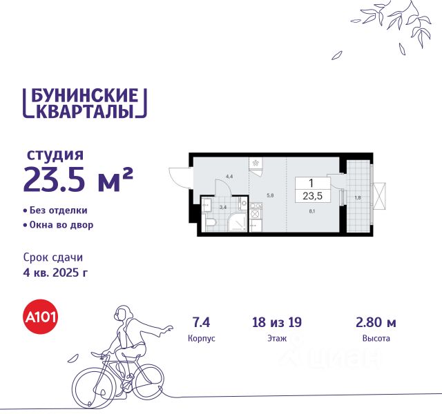 Продается студия 799 в новостройке ЖК "Бунинские кварталы" по адресу Москва, ТиНАО, Новомосковский АО, Сосенское С/П, жилой комплекс Бунинские Кварталы, к1.3, район Коммунарка, Новомосковский административный округ, Москва. Общая площадь квартиры - 28.50 кв. м., этаж 8 из 16, секция 12. Тип проекта, по которому построен дом - монолит, компания-застройщик - ООО "А101". Стоимость квартиры - 12439680 Р. ПРЕДЛОЖЕНИЯ ОТ ЗАСТРОЙЩИКА В ФЕВРАЛЕ 2026: Скидки до 10% на все квартиры. Только в офисах продаж до 28 февраля. Ипотека от 13,9 % для всех! На весь срок. "Семейная ипотека" вернулась. Ставка от 3,5 % на весь срок! Без удорожания! Выгодное ипотечное комбо: Ипотека от 2200 р./мес. и от 6 % после рождения ребёнка! Ипотека для всех "Держи пять!" - ставка 5 % на 2 года! *более подробную информацию по скидкам и акциям уточняйте в отделе продаж ЖК "Бунинские кварталы" строится на юго-западе Москвы. Монолитные дома в лаконичной стилистике гармонируют с живописной природой. Из любой точки района удобно добираться до природных объектов, ключевых транспортных узлов, крупных торговых, спортивных, деловых и медицинских центров. Концепция уникального благоустройства района - "Выходи гулять!". Здесь появятся эстрада для районных творческих мероприятий, спортивные и игровые площадки, скейт-парк, дружелюбные пространства для домашних питомцев, благоустроенная набережная Ивановского пруда. В районе формируется собственная развитая инфраструктура: современные школа на 1100 мест и 2 детских сада на 540 малышей, магазины у дома и сетевые супермаркеты, фитнес, кафе, салоны, детские развивающие центры. Крытый каток "Самолёт Арена" - в 10 минутах пешком. За 15 минут можно дойти до действующей станции метро "Потапово". Предусмотрены удобные автомобильные выезды на проспект Куприна и улицу Александры Монаховой. Особенности "Бунинских кварталов": - ст. метро "Потапово" - 15 минут пешком - своя школа и детские сады - безопасные дворы без машин с системой контроля доступа - насыщенная инфраструктура - в шаговой доступности и на первых этажах домов
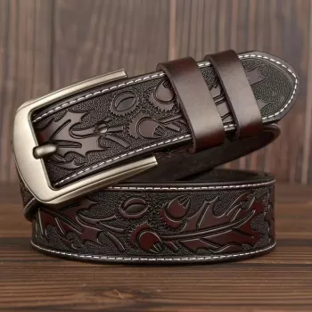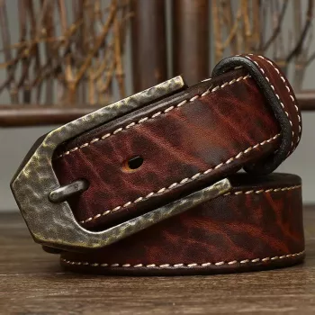 Genuine Leather Western Cowboy Belt with Retro Pin Buckle
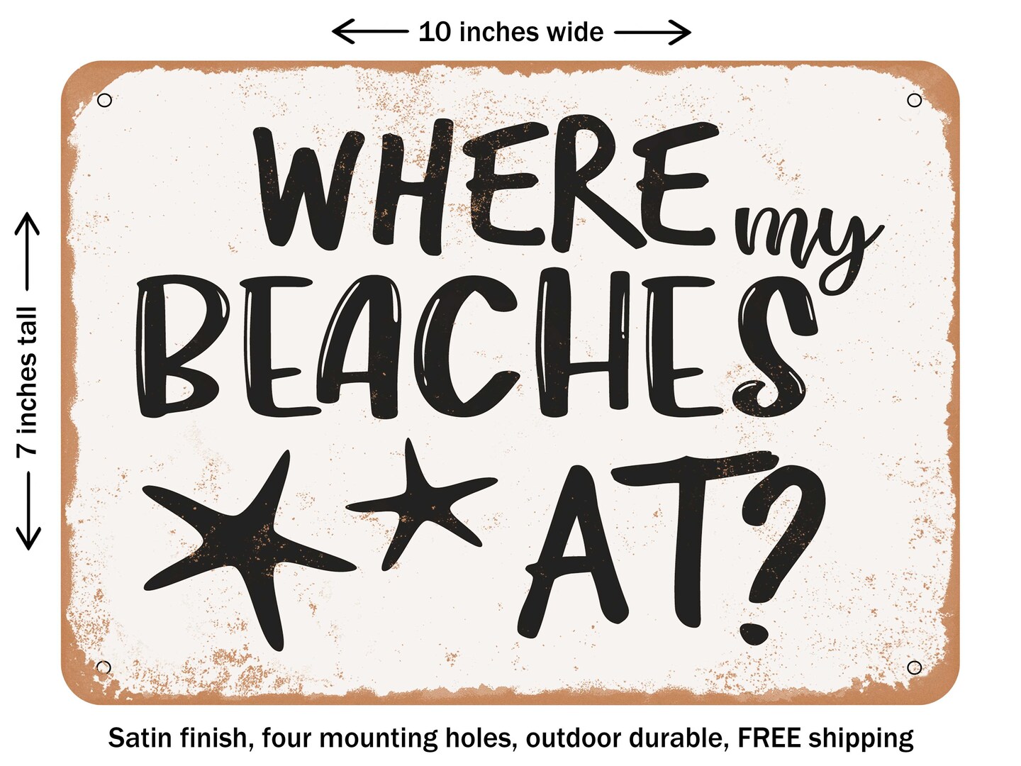 DECORATIVE METAL SIGN - Where My Beaches At - Vintage Rusty Look
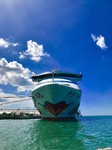 Wir sind dann erstmal eine Kleinigkeit essen gegangen und dann war unsere Kabine auch bezugsfertig. Die Koffer waren schon da, aber wir haben beschlossen, erstmal noch nach Port Louis reinzufahren. Hier fährt direkt am Schiff ein Wassertaxi nach Port Louis rüber. Es ist zwar sehr abenteuerlich, kostet jedoch nur € 2,-- oder USD 2,-- pro Person pro Strecke. Günstiger kommt ihr nicht rüber. Wir haben hier abenteuerliche Taxipreise gehört... Die Überfahrt macht Spaß und man fährt direkt unter dem Kussmund der kleinen AIDAaura durch.
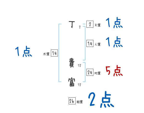 総運![]() | 丁貴富さんの総運は26画の2つ星!波瀾万丈かも。信頼できる人を大事にしましょう。 あなたの人生を表す1番重要な運勢です。生涯を通じて影響する総合運となり、主に50歳以降の晩年期に影響を及ぼします。 |

◆ Task brief
The entries above should be written out in full, and any picture in them left out.

◆ Written solution
 Продается студия 799 в новостройке ЖК "Бунинские кварталы" по адресу Москва, ТиНАО, Новомосковский АО, Сосенское С/П, жилой комплекс Бунинские Кварталы, к1.3, район Коммунарка, Новомосковский административный округ, Москва. Общая площадь квартиры - 28.50 кв. м., этаж 8 из 16, секция 12. Тип проекта, по которому построен дом - монолит, компания-застройщик - ООО "А101". Стоимость квартиры - 12439680 Р. ПРЕДЛОЖЕНИЯ ОТ ЗАСТРОЙЩИКА В ФЕВРАЛЕ 2026: Скидки до 10% на все квартиры. Только в офисах продаж до 28 февраля. Ипотека от 13,9 % для всех! На весь срок. "Семейная ипотека" вернулась. Ставка от 3,5 % на весь срок! Без удорожания! Выгодное ипотечное комбо: Ипотека от 2200 р./мес. и от 6 % после рождения ребёнка! Ипотека для всех "Держи пять!" - ставка 5 % на 2 года! *более подробную информацию по скидкам и акциям уточняйте в отделе продаж ЖК "Бунинские кварталы" строится на юго-западе Москвы. Монолитные дома в лаконичной стилистике гармонируют с живописной природой. Из любой точки района удобно добираться до природных объектов, ключевых транспортных узлов, крупных торговых, спортивных, деловых и медицинских центров. Концепция уникального благоустройства района - "Выходи гулять!". Здесь появятся эстрада для районных творческих мероприятий, спортивные и игровые площадки, скейт-парк, дружелюбные пространства для домашних питомцев, благоустроенная набережная Ивановского пруда. В районе формируется собственная развитая инфраструктура: современные школа на 1100 мест и 2 детских сада на 540 малышей, магазины у дома и сетевые супермаркеты, фитнес, кафе, салоны, детские развивающие центры. Крытый каток "Самолёт Арена" - в 10 минутах пешком. За 15 минут можно дойти до действующей станции метро "Потапово". Предусмотрены удобные автомобильные выезды на проспект Куприна и улицу Александры Монаховой. Особенности "Бунинских кварталов": - ст. метро "Потапово" - 15 минут пешком - своя школа и детские сады - безопасные дворы без машин с системой контроля доступа - насыщенная инфраструктура - в шаговой доступности и на первых этажах домов
 Genuine Leather Western Cowboy Belt with Retro Pin Buckle
 DECORATIVE METAL SIGN - Where My Beaches At - Vintage Rusty Look
 Wir sind dann erstmal eine Kleinigkeit essen gegangen und dann war unsere Kabine auch bezugsfertig. Die Koffer waren schon da, aber wir haben beschlossen, erstmal noch nach Port Louis reinzufahren. Hier fährt direkt am Schiff ein Wassertaxi nach Port Louis rüber. Es ist zwar sehr abenteuerlich, kostet jedoch nur € 2,-- oder USD 2,-- pro Person pro Strecke. Günstiger kommt ihr nicht rüber. Wir haben hier abenteuerliche Taxipreise gehört... Die Überfahrt macht Spaß und man fährt direkt unter dem Kussmund der kleinen AIDAaura durch.
 総運![]() | 丁貴富さんの総運は26画の2つ星!波瀾万丈かも。信頼できる人を大事にしましょう。 あなたの人生を表す1番重要な運勢です。生涯を通じて影響する総合運となり、主に50歳以降の晩年期に影響を及ぼします。 |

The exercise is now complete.